• [PROVIDED RECORDS]:
::::

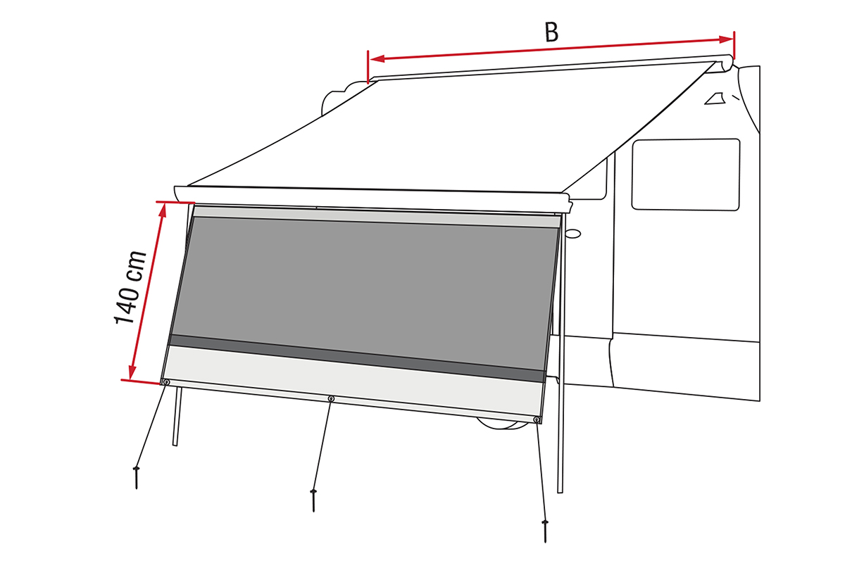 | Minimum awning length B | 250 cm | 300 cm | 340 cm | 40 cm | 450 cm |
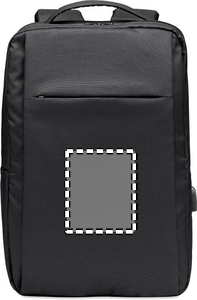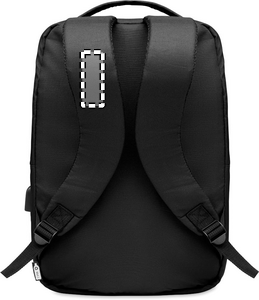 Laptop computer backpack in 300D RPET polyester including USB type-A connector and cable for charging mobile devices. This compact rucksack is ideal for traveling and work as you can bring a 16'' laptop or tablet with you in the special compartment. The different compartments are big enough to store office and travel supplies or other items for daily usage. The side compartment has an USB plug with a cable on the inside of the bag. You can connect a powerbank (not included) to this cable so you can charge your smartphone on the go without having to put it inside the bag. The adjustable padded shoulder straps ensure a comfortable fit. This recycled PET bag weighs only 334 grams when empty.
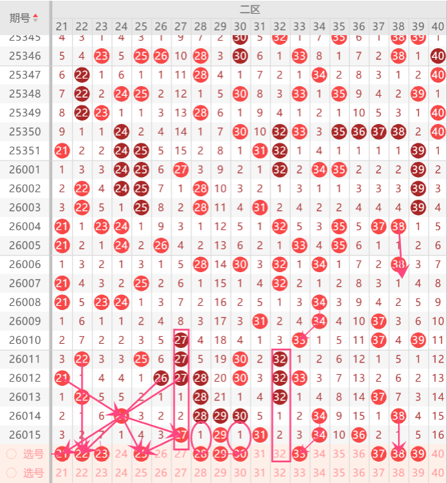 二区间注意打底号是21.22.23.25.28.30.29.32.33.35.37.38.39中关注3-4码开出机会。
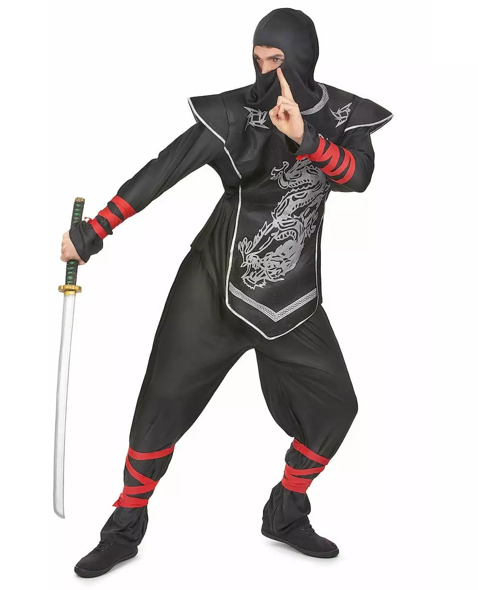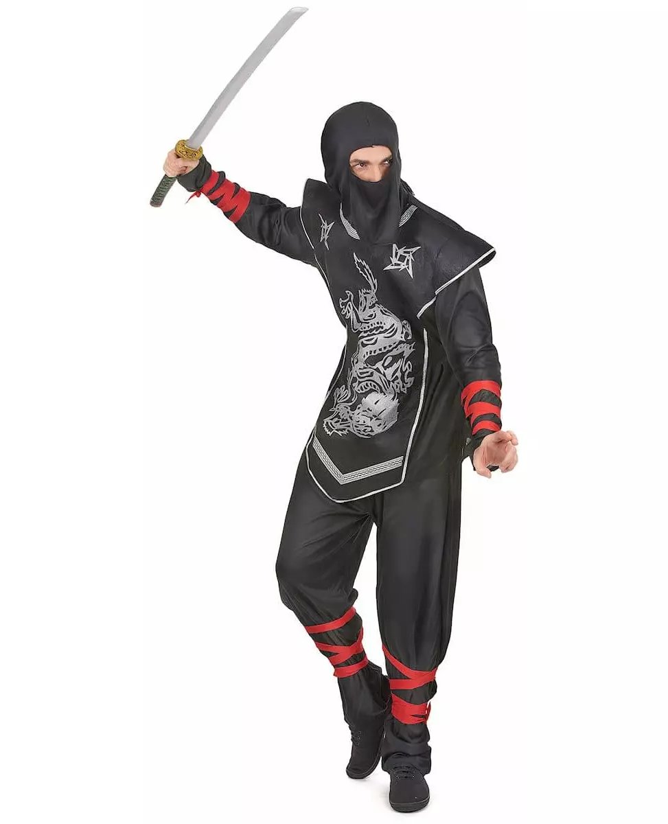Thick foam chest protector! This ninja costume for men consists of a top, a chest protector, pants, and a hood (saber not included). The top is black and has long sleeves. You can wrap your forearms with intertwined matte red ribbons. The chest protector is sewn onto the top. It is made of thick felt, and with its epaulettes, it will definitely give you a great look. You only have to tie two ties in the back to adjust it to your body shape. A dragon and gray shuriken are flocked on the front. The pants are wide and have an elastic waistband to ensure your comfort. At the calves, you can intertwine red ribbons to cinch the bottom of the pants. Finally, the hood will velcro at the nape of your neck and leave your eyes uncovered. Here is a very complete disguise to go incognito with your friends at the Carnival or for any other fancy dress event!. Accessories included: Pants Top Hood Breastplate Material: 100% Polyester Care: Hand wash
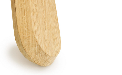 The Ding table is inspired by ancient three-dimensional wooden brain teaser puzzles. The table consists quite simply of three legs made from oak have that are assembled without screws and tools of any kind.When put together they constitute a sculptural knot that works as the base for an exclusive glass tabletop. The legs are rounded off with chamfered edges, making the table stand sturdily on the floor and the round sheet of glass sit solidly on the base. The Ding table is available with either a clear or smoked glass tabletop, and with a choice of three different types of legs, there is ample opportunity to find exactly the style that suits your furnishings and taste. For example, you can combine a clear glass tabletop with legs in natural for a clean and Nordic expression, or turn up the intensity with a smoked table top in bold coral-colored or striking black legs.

::::

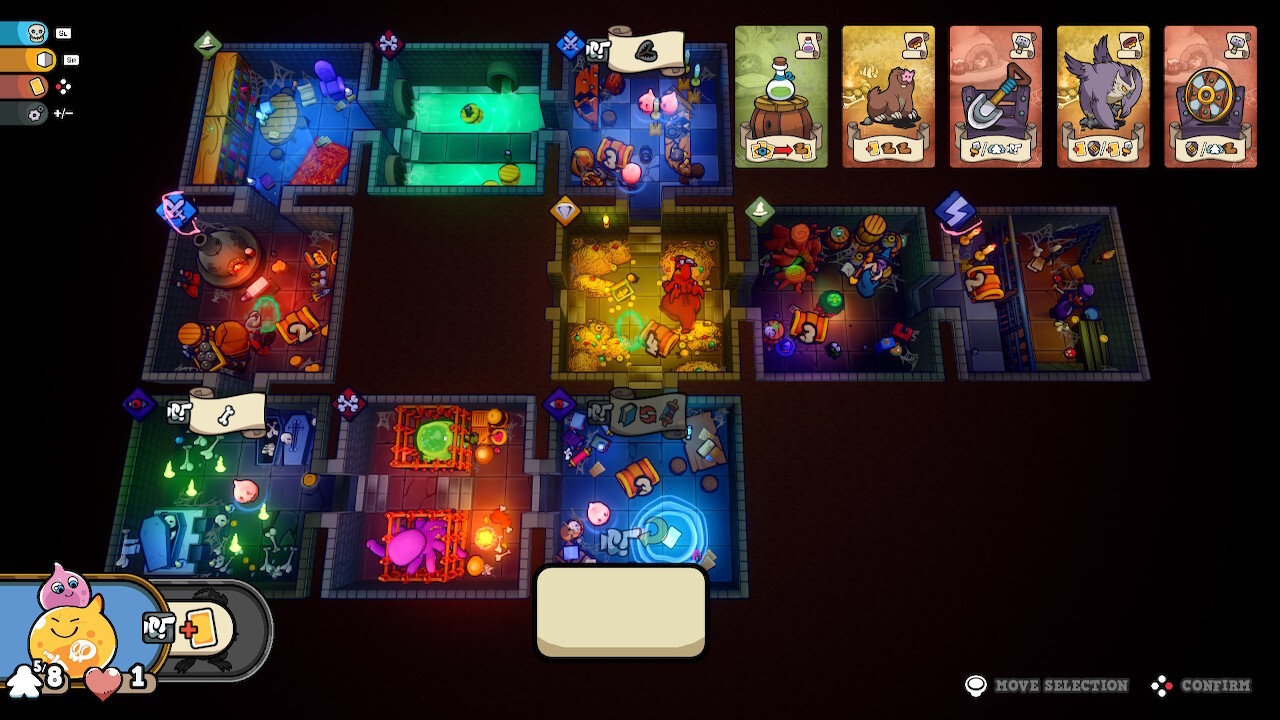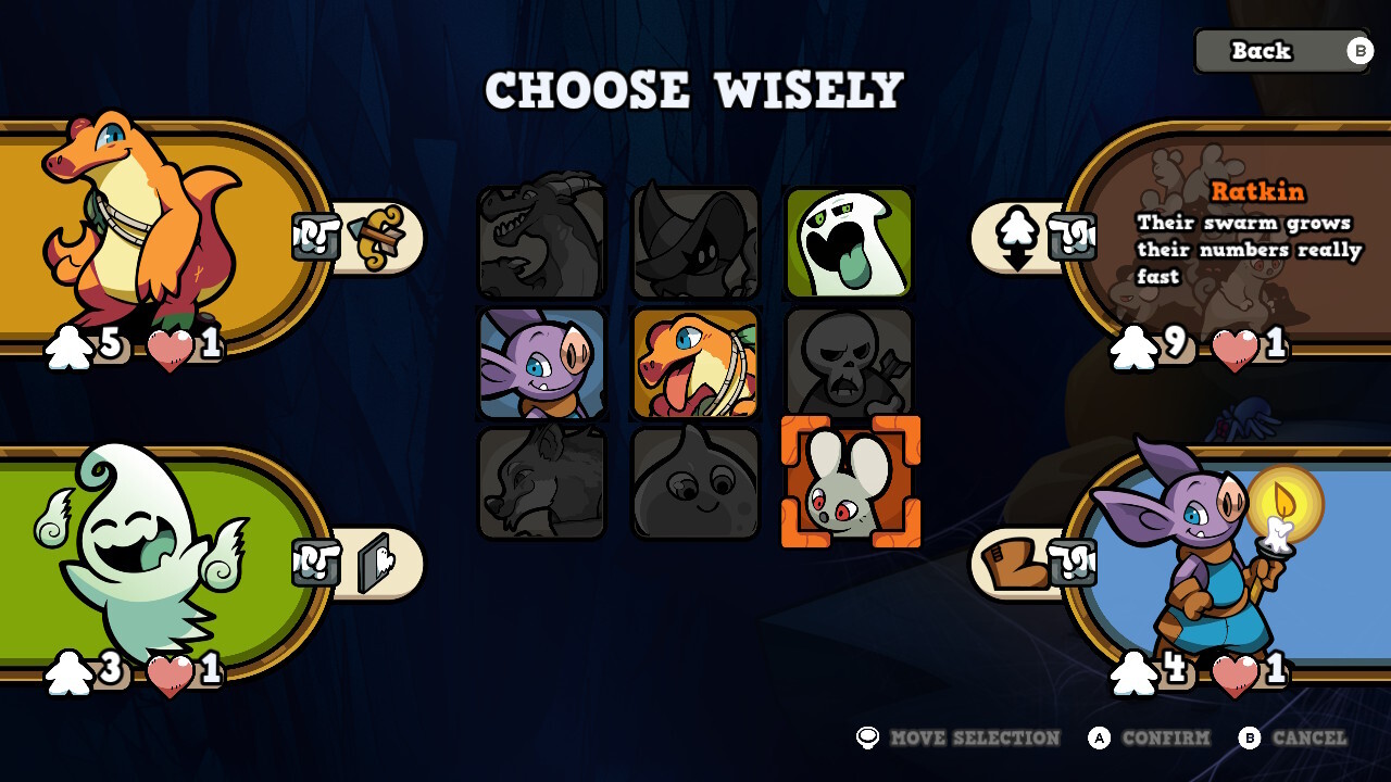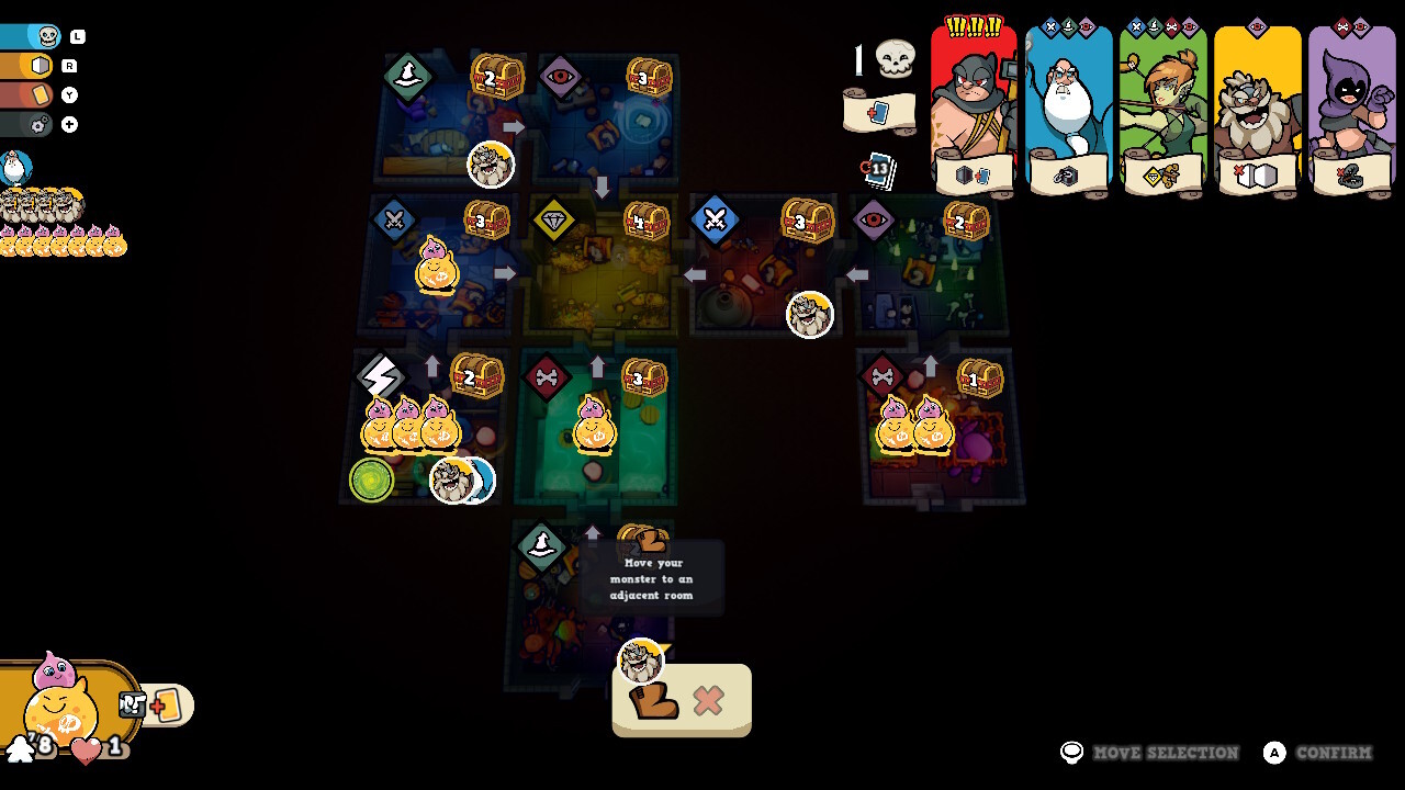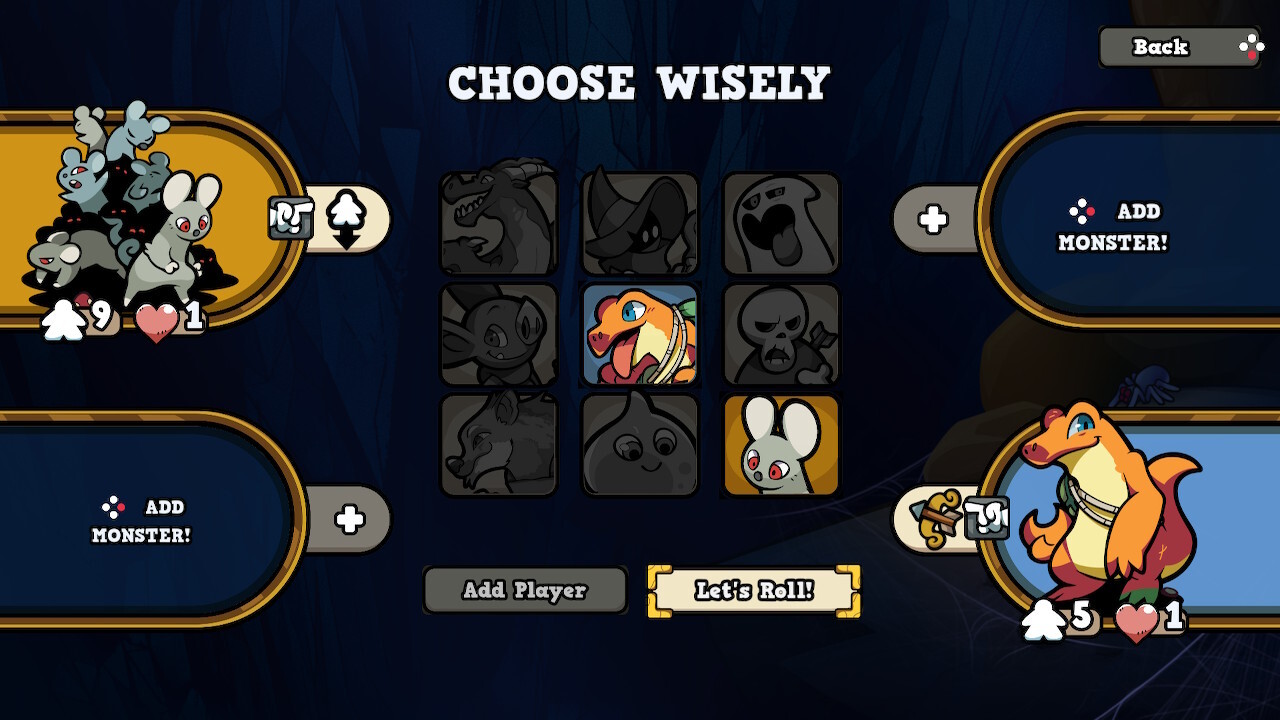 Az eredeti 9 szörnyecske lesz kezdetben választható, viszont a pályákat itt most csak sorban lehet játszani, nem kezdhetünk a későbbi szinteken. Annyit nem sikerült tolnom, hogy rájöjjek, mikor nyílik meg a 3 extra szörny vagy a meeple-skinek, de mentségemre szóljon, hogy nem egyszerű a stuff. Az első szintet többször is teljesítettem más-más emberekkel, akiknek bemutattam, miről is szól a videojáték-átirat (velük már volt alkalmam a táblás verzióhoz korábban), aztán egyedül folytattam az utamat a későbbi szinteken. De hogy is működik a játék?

::::

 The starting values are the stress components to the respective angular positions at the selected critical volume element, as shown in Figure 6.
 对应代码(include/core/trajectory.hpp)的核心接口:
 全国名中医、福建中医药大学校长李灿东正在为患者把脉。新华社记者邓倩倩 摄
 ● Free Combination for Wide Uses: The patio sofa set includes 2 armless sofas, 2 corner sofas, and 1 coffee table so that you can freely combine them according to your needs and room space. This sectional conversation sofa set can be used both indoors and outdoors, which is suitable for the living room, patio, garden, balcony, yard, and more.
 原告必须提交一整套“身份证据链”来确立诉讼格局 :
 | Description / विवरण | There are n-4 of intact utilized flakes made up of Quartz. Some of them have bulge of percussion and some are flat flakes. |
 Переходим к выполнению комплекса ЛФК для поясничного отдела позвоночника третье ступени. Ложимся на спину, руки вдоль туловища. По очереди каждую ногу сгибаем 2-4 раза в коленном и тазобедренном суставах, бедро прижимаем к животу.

::::

• [WHAT THE TASK ASKS]: Go back to the listing above and write out the lines starting at the one with "Laptop computer backpack" and ending at the one with "Thick foam chest", inclusive, exactly and without pictures.

• [REPLY]:
 Laptop computer backpack in 300D RPET polyester including USB type-A connector and cable for charging mobile devices. This compact rucksack is ideal for traveling and work as you can bring a 16'' laptop or tablet with you in the special compartment. The different compartments are big enough to store office and travel supplies or other items for daily usage. The side compartment has an USB plug with a cable on the inside of the bag. You can connect a powerbank (not included) to this cable so you can charge your smartphone on the go without having to put it inside the bag. The adjustable padded shoulder straps ensure a comfortable fit. This recycled PET bag weighs only 334 grams when empty.
 二区间注意打底号是21.22.23.25.28.30.29.32.33.35.37.38.39中关注3-4码开出机会。
Thick foam chest protector! This ninja costume for men consists of a top, a chest protector, pants, and a hood (saber not included). The top is black and has long sleeves. You can wrap your forearms with intertwined matte red ribbons. The chest protector is sewn onto the top. It is made of thick felt, and with its epaulettes, it will definitely give you a great look. You only have to tie two ties in the back to adjust it to your body shape. A dragon and gray shuriken are flocked on the front. The pants are wide and have an elastic waistband to ensure your comfort. At the calves, you can intertwine red ribbons to cinch the bottom of the pants. Finally, the hood will velcro at the nape of your neck and leave your eyes uncovered. Here is a very complete disguise to go incognito with your friends at the Carnival or for any other fancy dress event!. Accessories included: Pants Top Hood Breastplate Material: 100% Polyester Care: Hand wash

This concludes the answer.